**What this task involves:**
Without including any images, reproduce each entry exactly.

**Records from a collection:**
* * *
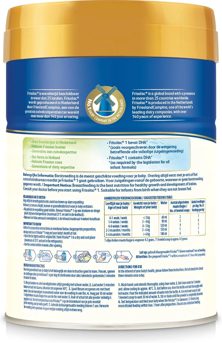 - Overleg altijd eerst met je arts of het consultatiebureau voordat je Frisolac 1 babyvoeding gaat gebruiken.
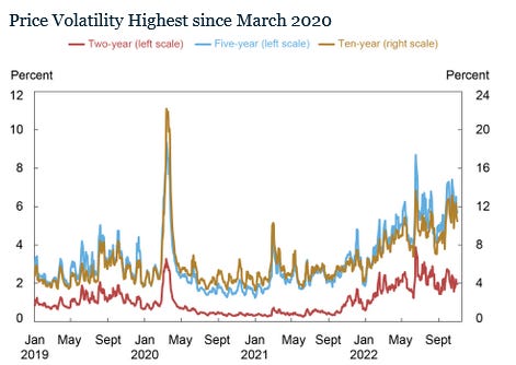 Per the chart, volatility for the 2-year, 5-year, and 10-year Treasurys has been the highest since 2020, which coincided with the shallowest order book depth since 2020.
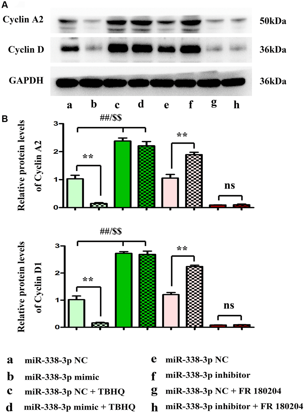 Overexpression of miR-338-3p inhibited the proliferation of LUAD cells by suppressing cyclin A2 and cyclin D1
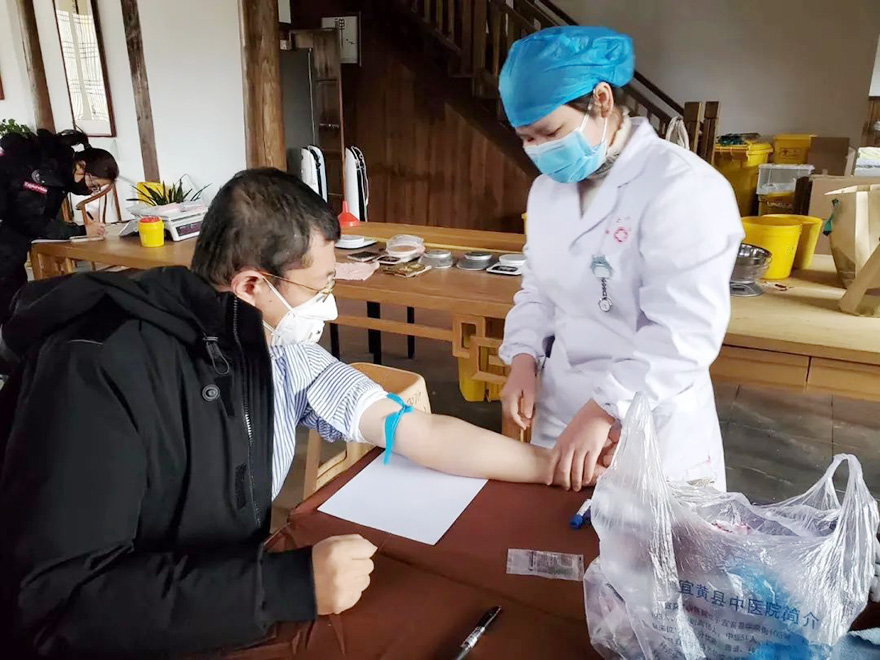 从1月24日向国务院信息平台提交中医方案到坐镇曹山亲自指挥,雷鸣教授永远是默默在后面的人,他亲自做健康对照组服药(图为抽血对照)以确保用药安全性,古有神农尝百草,他做为一名科学家践行着中华文化自信。
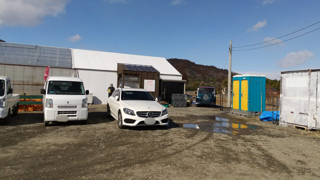 朝一番の到着にもかかわらず、いちご農園『ラ・フレーズ』の駐車場にはすでに車が何台も並んでいます。
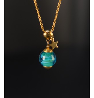 25,00 €Collier Soleil 3,5 cm avec cabochon en verre filé bleu deux tons, façonné à la main en France. Bijou artisanal unique sur chaîne inoxydable réglable.
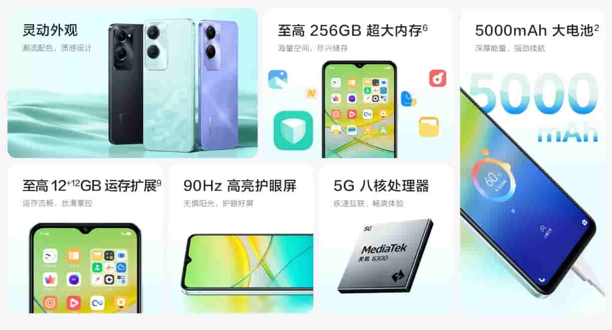 Under the hood, it is powered by the Dimensity 6300 SoC (2.4GHz × 2 + 2.0GHz × 6), paired with up to 12GB + 12GB (Virtual RAM) of LPDDR4X dual-channel RAM and up to 256GB of eMMC 5.1 internal storage. The device runs on OriginOS 14, based on Android 14.
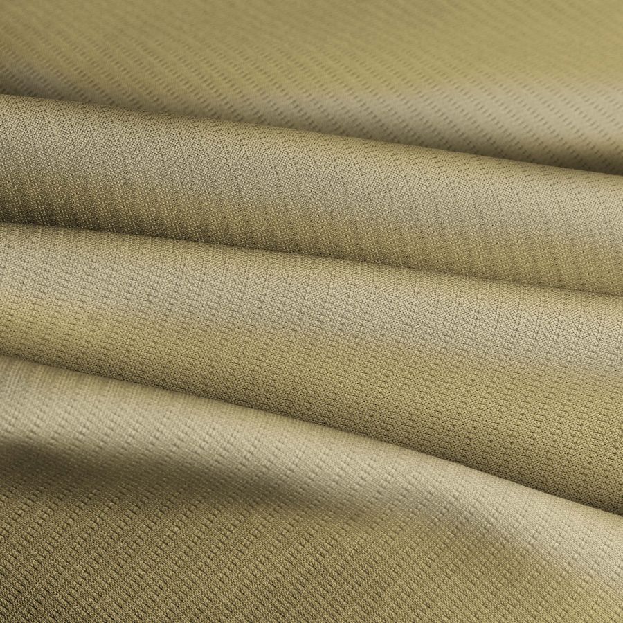 La tela base de este tejido técnico transpirable Fresh está compuesta en un 100% por poliéster, con un gramaje de 135 gr/m2 y un ancho de 150 cm. En cuanto a su color liso impreso, nos encontramos con un amarillo viejo cuyo CMYK es 12 17 54 1, lo que indica que es un tono cálido y terroso con un bajísimo porcentaje de tinta negra en su impresión.
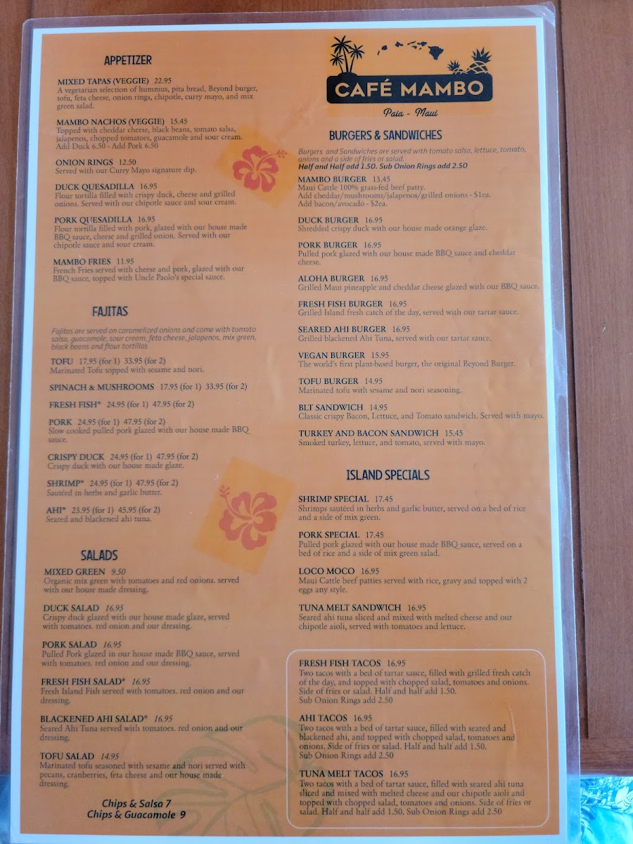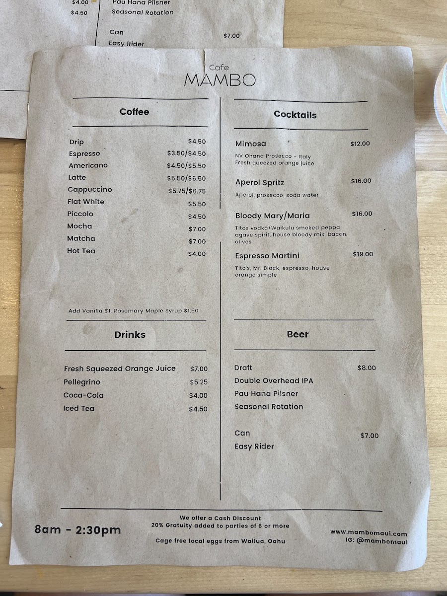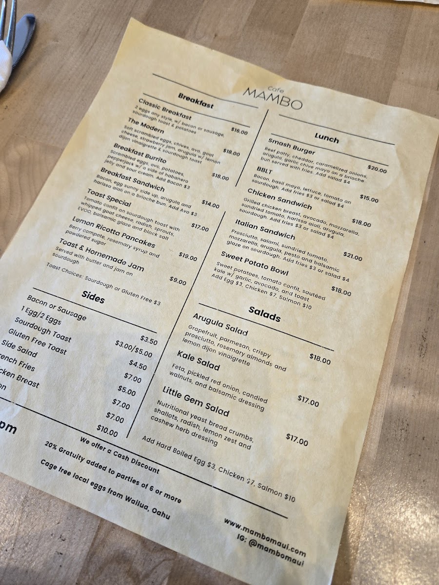 If you're in Paia, HI, and craving a laid-back yet vibrant spot to enjoy a meal, you have to check out the Cafe Mambo Menu. Nestled on Baldwin Avenue, this place offers a blend of mouthwatering dishes with a warm, inviting atmosphere. From delicious breakfast options to flavorful lunch and dinner choices, there's something for everyone here. Whether you're in the mood for a fresh seafood dish, a hearty sandwich, or a refreshing salad, each item is crafted with locally sourced ingredients, making every bite feel like a taste of the island. The casual vibe pairs perfectly with their array of drinks, from refreshing smoothies to tropical cocktails, perfect for enjoying the Hawaiian breeze. Whether you're a local or just passing through, the menu at Cafe Mambo offers a tasty, laid-back dining experience you won’t want to miss.
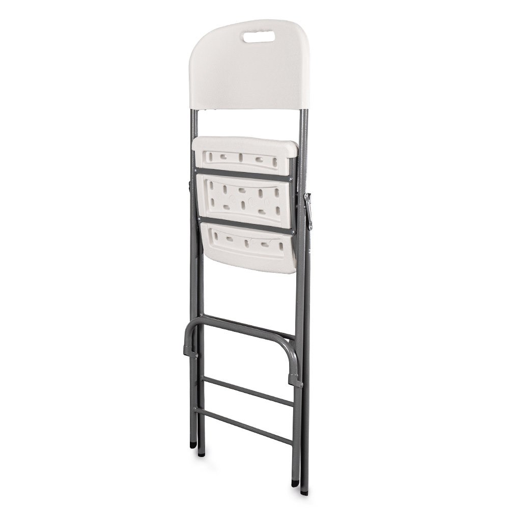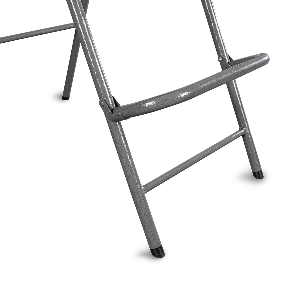 Der EVO Klappstuhl ist aus pulverbeschichtetem Stahlrohr und einer Sitzfläche und Lehne aus hochwertigem Polyethylen-Kunststoff gefertigt. Bis 200kg belastbar.
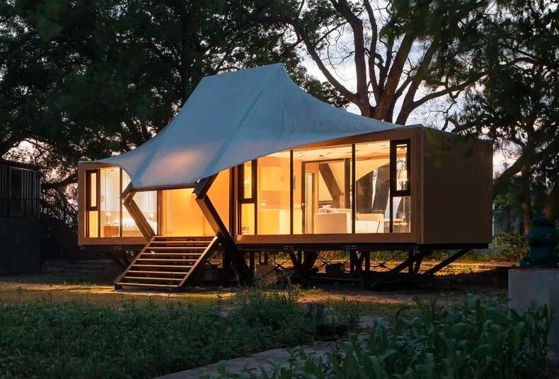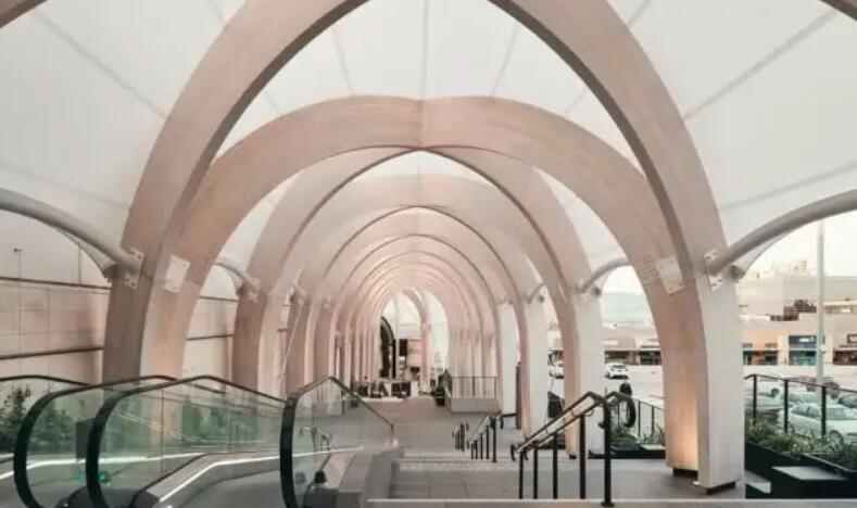 那么,張拉膜結(jié)構(gòu)過時了嗎?并沒有,在流行混搭的時代,膜結(jié)構(gòu)能駕馭的建筑形式也更加多樣化,它能搭配的不再是鋼結(jié)構(gòu),而與木結(jié)構(gòu)、竹結(jié)構(gòu),集裝箱,甚至混凝土結(jié)構(gòu)搭配也能呈現(xiàn)耳目一新的效果。它可以是小體量建筑、景觀構(gòu)筑物、也可以是大跨度建筑屋頂及建筑外立面等。
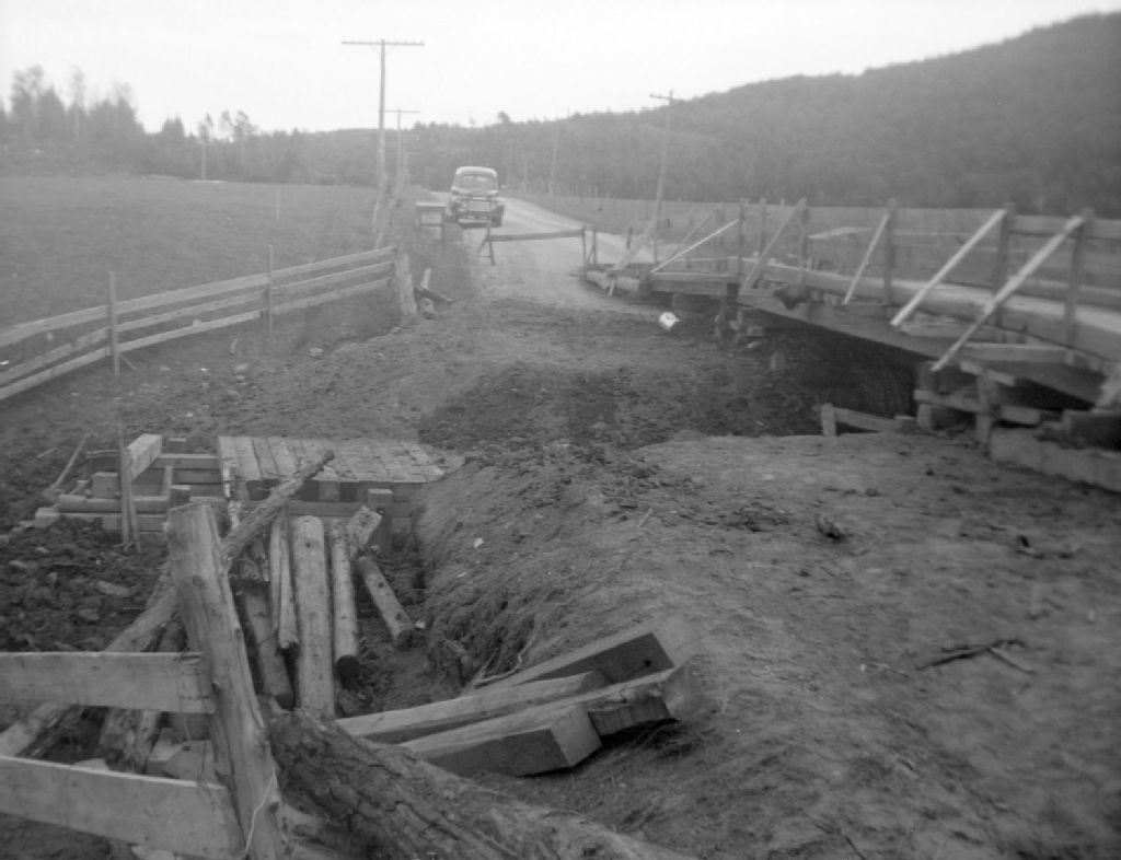 Pont temporaire sur le cours d'eau Edmond Girard sur la route 15 à Petites Bergeronnes, comté de Saguenay, 1950, Archives nationales à Québec, Fonds Ministère de la Culture et des Communications, (03Q,E6,S7,SS1,D2,P80513), Jules Carbonneau.
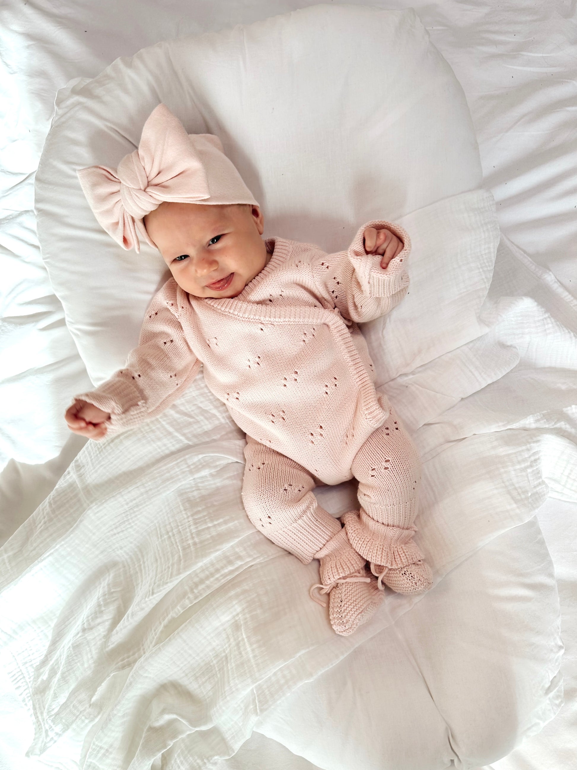 Ho acquistato la tutina rosa traforata abbinata alla fascia con fiocco rosa e alle scarpine rosa con i pon pon. Che dire? Tutto bellissimo. Il materiale sembra ottimo… Sono felice dell’acquisto… non vedo l’ora che nascerà la mia piccola per farglieli indossare ❤️
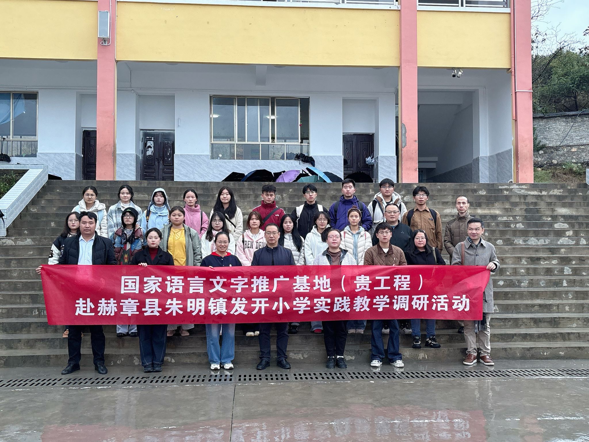 为深入推广国家通用语言文字,积极服务乡村振兴战略,进一步铸牢中华民族共同体意识,2025年10月31日,贵州工程应用技术学院人文学院师生赴贵州省赫章县朱明镇中心小学,开展“推普助力乡村振兴”主题实践教学。活动充分发挥高校智力资源优势,赋能乡村教育发展,引导青年学生在基层实践中锤炼本领、担当使命。
* * *
**Answer to the exercise:**
 - Overleg altijd eerst met je arts of het consultatiebureau voordat je Frisolac 1 babyvoeding gaat gebruiken.
 Per the chart, volatility for the 2-year, 5-year, and 10-year Treasurys has been the highest since 2020, which coincided with the shallowest order book depth since 2020.
 Overexpression of miR-338-3p inhibited the proliferation of LUAD cells by suppressing cyclin A2 and cyclin D1
 从1月24日向国务院信息平台提交中医方案到坐镇曹山亲自指挥,雷鸣教授永远是默默在后面的人,他亲自做健康对照组服药(图为抽血对照)以确保用药安全性,古有神农尝百草,他做为一名科学家践行着中华文化自信。
 朝一番の到着にもかかわらず、いちご農園『ラ・フレーズ』の駐車場にはすでに車が何台も並んでいます。
 25,00 €Collier Soleil 3,5 cm avec cabochon en verre filé bleu deux tons, façonné à la main en France. Bijou artisanal unique sur chaîne inoxydable réglable.
 Under the hood, it is powered by the Dimensity 6300 SoC (2.4GHz × 2 + 2.0GHz × 6), paired with up to 12GB + 12GB (Virtual RAM) of LPDDR4X dual-channel RAM and up to 256GB of eMMC 5.1 internal storage. The device runs on OriginOS 14, based on Android 14.
 La tela base de este tejido técnico transpirable Fresh está compuesta en un 100% por poliéster, con un gramaje de 135 gr/m2 y un ancho de 150 cm. En cuanto a su color liso impreso, nos encontramos con un amarillo viejo cuyo CMYK es 12 17 54 1, lo que indica que es un tono cálido y terroso con un bajísimo porcentaje de tinta negra en su impresión.
 If you're in Paia, HI, and craving a laid-back yet vibrant spot to enjoy a meal, you have to check out the Cafe Mambo Menu. Nestled on Baldwin Avenue, this place offers a blend of mouthwatering dishes with a warm, inviting atmosphere. From delicious breakfast options to flavorful lunch and dinner choices, there's something for everyone here. Whether you're in the mood for a fresh seafood dish, a hearty sandwich, or a refreshing salad, each item is crafted with locally sourced ingredients, making every bite feel like a taste of the island. The casual vibe pairs perfectly with their array of drinks, from refreshing smoothies to tropical cocktails, perfect for enjoying the Hawaiian breeze. Whether you're a local or just passing through, the menu at Cafe Mambo offers a tasty, laid-back dining experience you won’t want to miss.
 Der EVO Klappstuhl ist aus pulverbeschichtetem Stahlrohr und einer Sitzfläche und Lehne aus hochwertigem Polyethylen-Kunststoff gefertigt. Bis 200kg belastbar.
 那么,張拉膜結(jié)構(gòu)過時了嗎?并沒有,在流行混搭的時代,膜結(jié)構(gòu)能駕馭的建筑形式也更加多樣化,它能搭配的不再是鋼結(jié)構(gòu),而與木結(jié)構(gòu)、竹結(jié)構(gòu),集裝箱,甚至混凝土結(jié)構(gòu)搭配也能呈現(xiàn)耳目一新的效果。它可以是小體量建筑、景觀構(gòu)筑物、也可以是大跨度建筑屋頂及建筑外立面等。
 Pont temporaire sur le cours d'eau Edmond Girard sur la route 15 à Petites Bergeronnes, comté de Saguenay, 1950, Archives nationales à Québec, Fonds Ministère de la Culture et des Communications, (03Q,E6,S7,SS1,D2,P80513), Jules Carbonneau.
 Ho acquistato la tutina rosa traforata abbinata alla fascia con fiocco rosa e alle scarpine rosa con i pon pon. Che dire? Tutto bellissimo. Il materiale sembra ottimo… Sono felice dell’acquisto… non vedo l’ora che nascerà la mia piccola per farglieli indossare ❤️
 为深入推广国家通用语言文字,积极服务乡村振兴战略,进一步铸牢中华民族共同体意识,2025年10月31日,贵州工程应用技术学院人文学院师生赴贵州省赫章县朱明镇中心小学,开展“推普助力乡村振兴”主题实践教学。活动充分发挥高校智力资源优势,赋能乡村教育发展,引导青年学生在基层实践中锤炼本领、担当使命。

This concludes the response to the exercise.